For the material below, return exactly the lines starting at the one holding "Чтобы охарактеризовать изменение" and ending at the one holding "The Borneo Post (Sarawak)", counting both as part of the range.

__Data under study__
Start of Block

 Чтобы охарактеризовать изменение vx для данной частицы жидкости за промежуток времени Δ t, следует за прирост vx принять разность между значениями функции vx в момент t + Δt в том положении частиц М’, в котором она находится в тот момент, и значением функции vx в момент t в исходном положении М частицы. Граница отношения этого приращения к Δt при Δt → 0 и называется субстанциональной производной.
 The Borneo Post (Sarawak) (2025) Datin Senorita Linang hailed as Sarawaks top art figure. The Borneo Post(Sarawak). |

End of Block
Start of Block

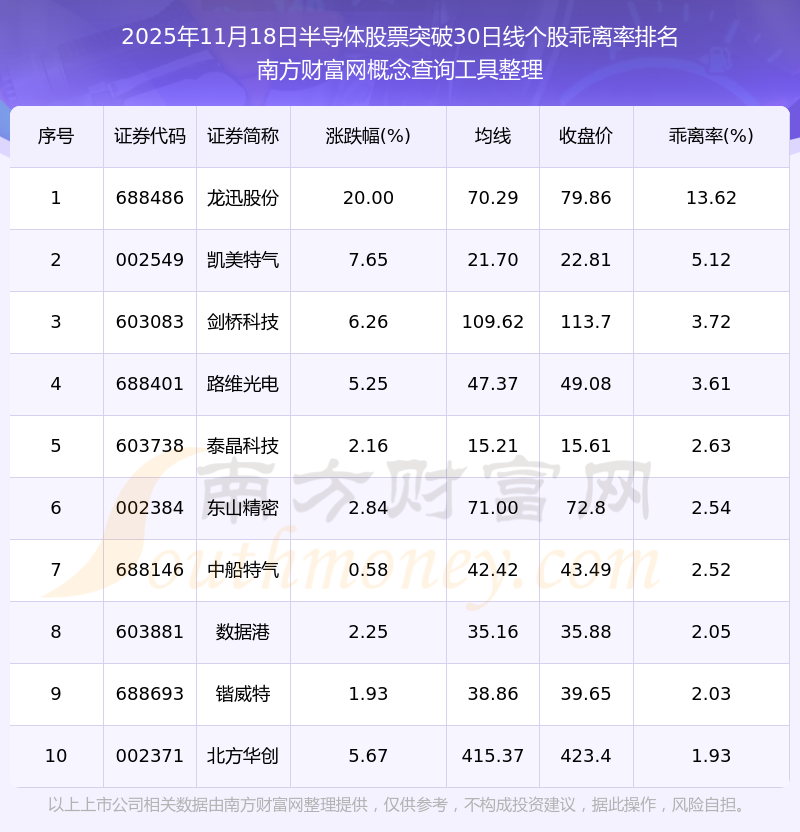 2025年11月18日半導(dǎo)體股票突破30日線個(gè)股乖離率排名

End of Block

__Exercise response__
 Чтобы охарактеризовать изменение vx для данной частицы жидкости за промежуток времени Δ t, следует за прирост vx принять разность между значениями функции vx в момент t + Δt в том положении частиц М’, в котором она находится в тот момент, и значением функции vx в момент t в исходном положении М частицы. Граница отношения этого приращения к Δt при Δt → 0 и называется субстанциональной производной.
 The Borneo Post (Sarawak) (2025) Datin Senorita Linang hailed as Sarawaks top art figure. The Borneo Post(Sarawak). |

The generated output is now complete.